If I take a simple query, such as match $x isa dog; limit 5; get;
then no matter how many dogs are stored in Grakn, I get 5 results back. This is fine, but what if I don't know how many dogs I want when I make the query and want to limit the number I retrieve later on in my code?
Here's my idea using the Python client:
import grakn
client = grakn.Grakn(uri="localhost:48555")
session = client.session(keyspace="dogs_keyspace")
tx = session.transaction(grakn.TxType.WRITE)
results = tx.query('match $x isa dog; get;') # I don't limit now, so I can do it later
results
is an iterator, so I can't do this:
limited_results = list(results)[:5]
because if I do then all dogs will be put into the list, and then I'll take the first 5, which is really inefficient if I have 1,000,000 dogs in the knowledge graph.
But I can say:
limited_results = list(itertools.islice(results, 5))
and I should get just the first 5 dogs without touching the other 999,995 dogs.
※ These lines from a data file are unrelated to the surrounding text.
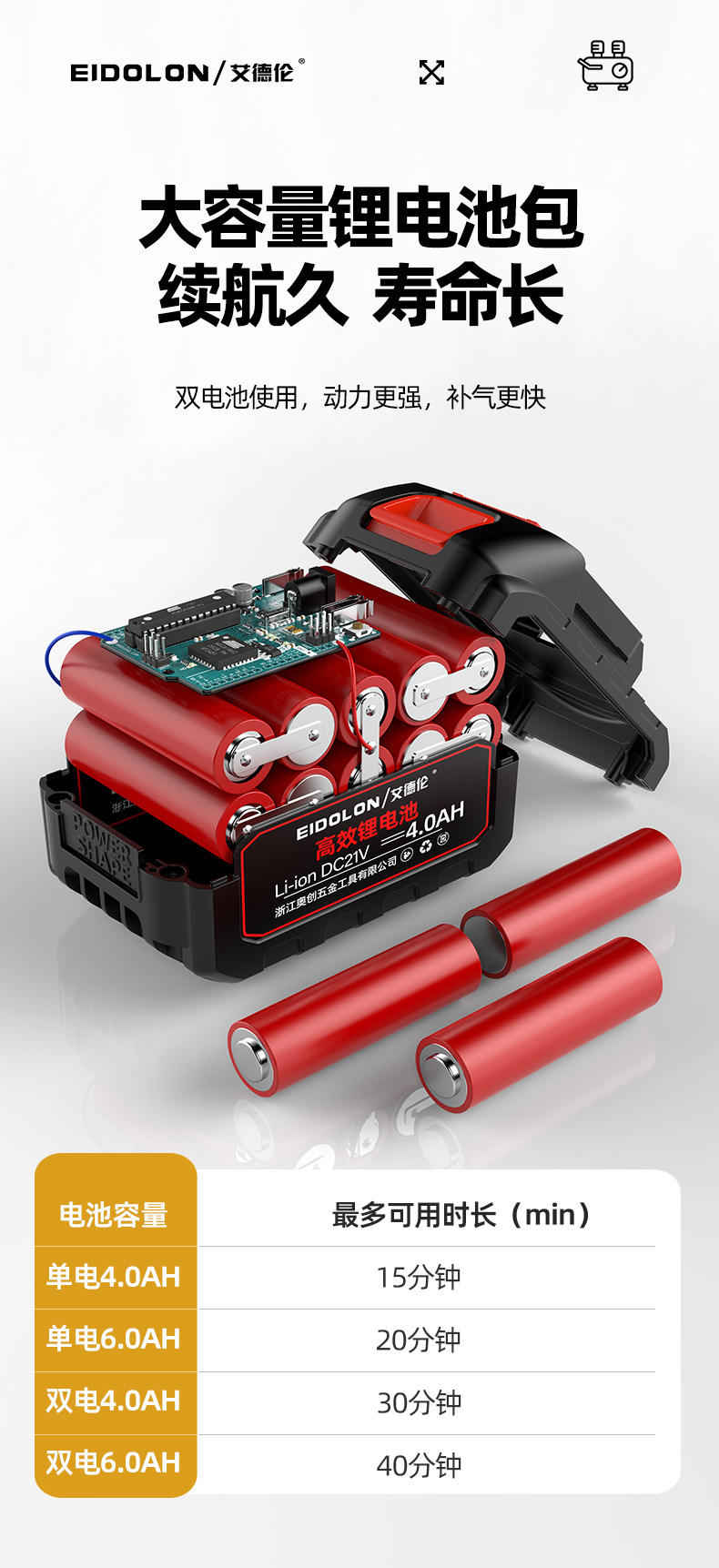 • [플러그인 + 리튬 배터리 겸용] 4.0AH 리튬 배터리, 1회 충전, 1회 충전
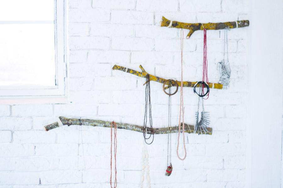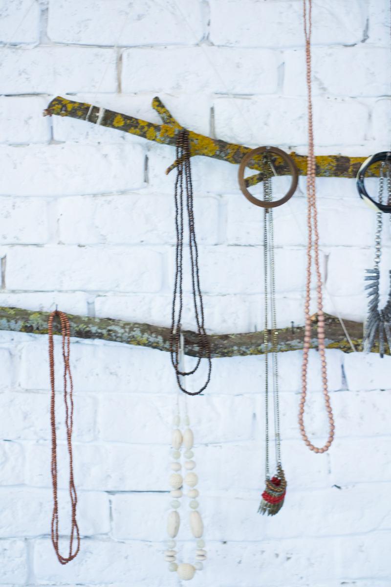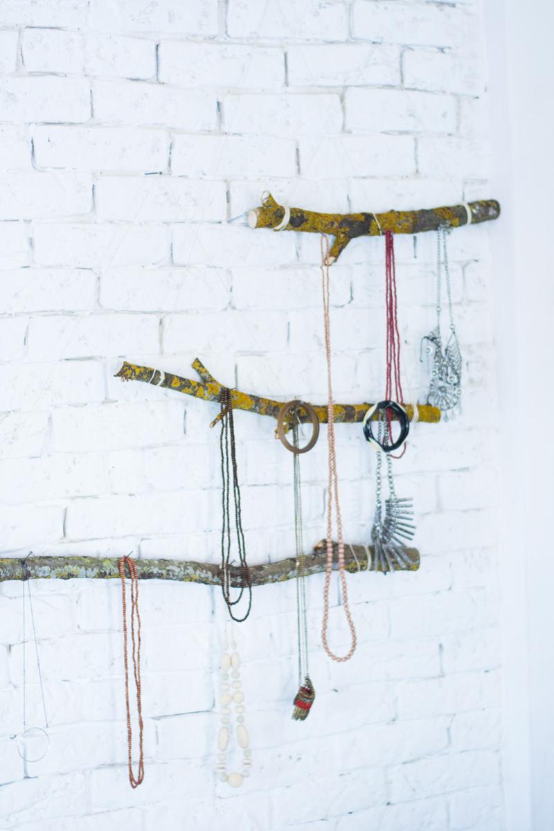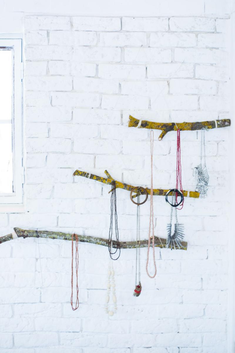 En este caso, unas simples ramas y unas puntas, hacen unos organizadores para joyas con un toque rústico.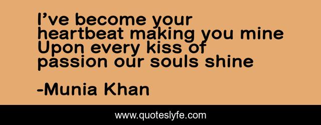 This page presents the quote "I’ve become your heartbeat making you mine Upon every kiss of passion our souls shine". Author of this quote is Munia Khan. This quote is about lovers, love, souls, kisses, mine, soul, passion, kiss, kissing,.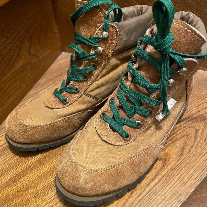 90년대 제품으로 추정됩니다. 사이즈 표기는 없지만 25.5 - 26.0 사이즈감입니다. 스웨이드와 나일론 소재의 하이컷 등산화, 그린 색상의 끈이 특징입니다. - 색상: 브라운 - 끈 색상: 그린 - 디자인: 하이컷 - 소재: 스웨이드와 나일론 - 용도: 등산, 트레킹 비브람 밑창 15년 전에 구매하여 보관하고 있었습니다. 방문해 주셔서 감사합니다.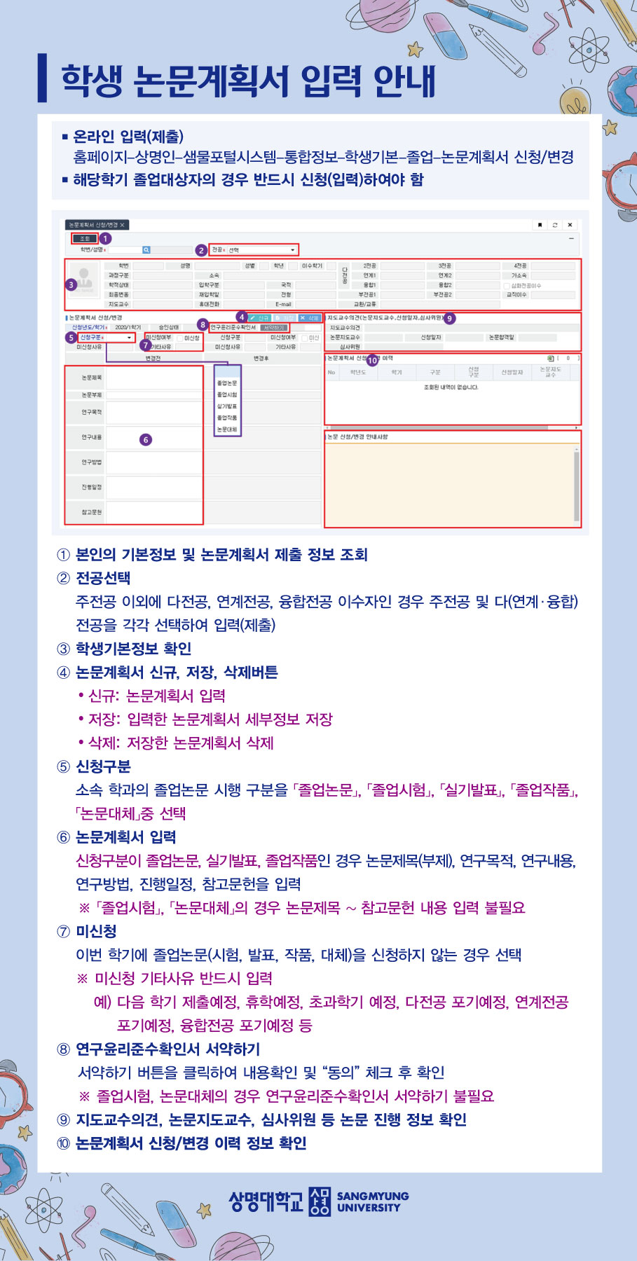 예정 등)로 졸업작품(논문) 계획서를 미신청 할 경우에도 반드시 미신청 처리(입력)’를 해야 함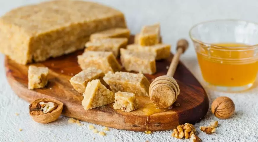 Приглашаем вас освоить приготовление халвы по кавказскому рецепту! В отличие от привычных вариантов, эта сладость готовится из простых ингредиентов – муки, масла и меда. Грецкие орехи придадут блюду хрустящий оттенок, хотя можно и обойтись без них.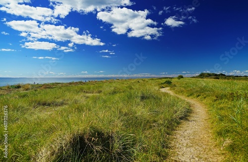 © Stephan Hickisch/Wirestock Creators, Obraz premium Image of a road surrounded with grass in both sides and a beautiful sky above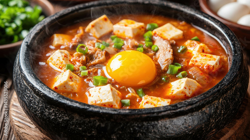 Spicy Korean Stew with Tofu and Egg Served in Traditional Stone Bowl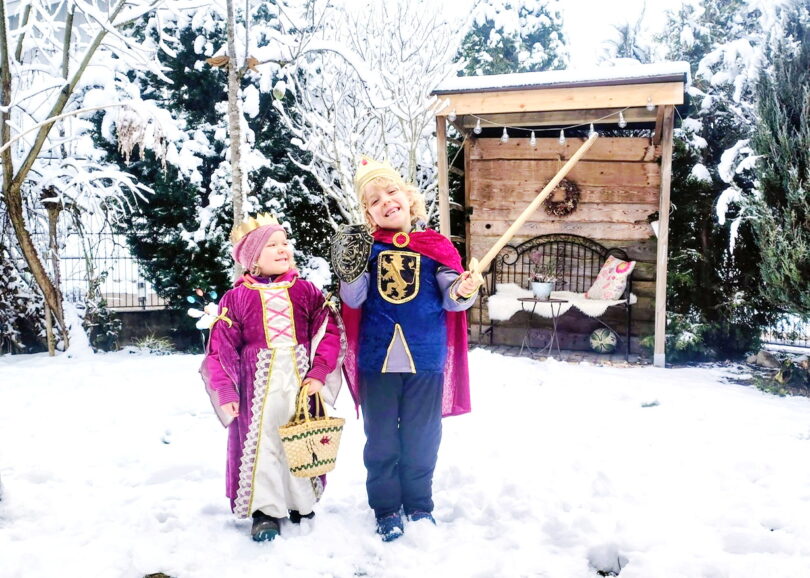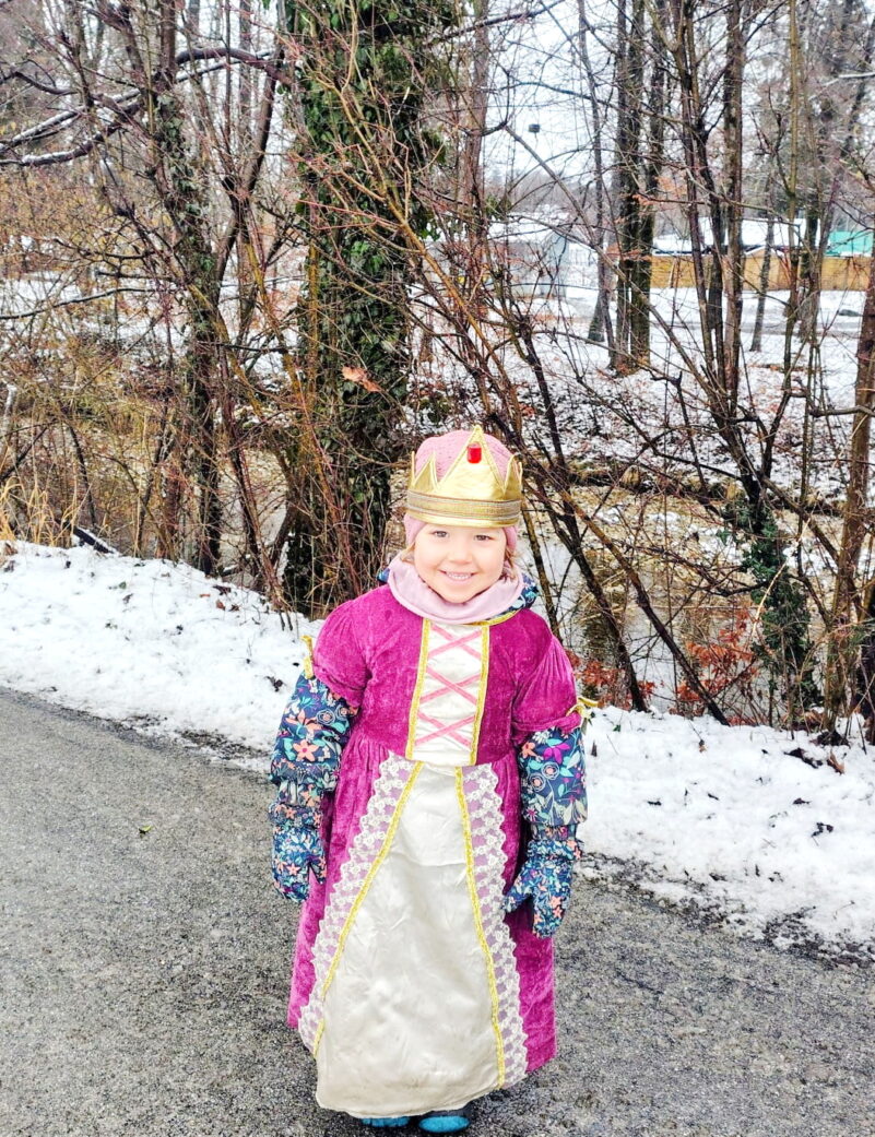 Ihre Freude an jedem Tag des Kostümierens haben allerorten auch schon die Kinder. Wie diese aktuelle Aufnahme von „König Ludwig“ und „Prinzessin Eva“ in der Marktgemeinde Prien zeigt, lassen sich die Narren der Zukunft auch nicht vom frischen Schnee abhalten, um sich mit Zepter und Tasche auf den Weg zu machen.

But my question is: is there any reason this approach would be slower than providing the limit 5
in the query like match $x isa dog; limit 5; get;
?
If you don't want Grakn to retrieve all the dog
s that are in the graph and only access the first 5, both your approaches are valid as they both use lazy iterators, meaning that no retrieval is attempted until you explicitly ask for the next result.
If you issue directly the query match $x isa dog; limit 5; get;
, Grakn will build an iterator and it will iterate over it just 5 times and return the result to the client.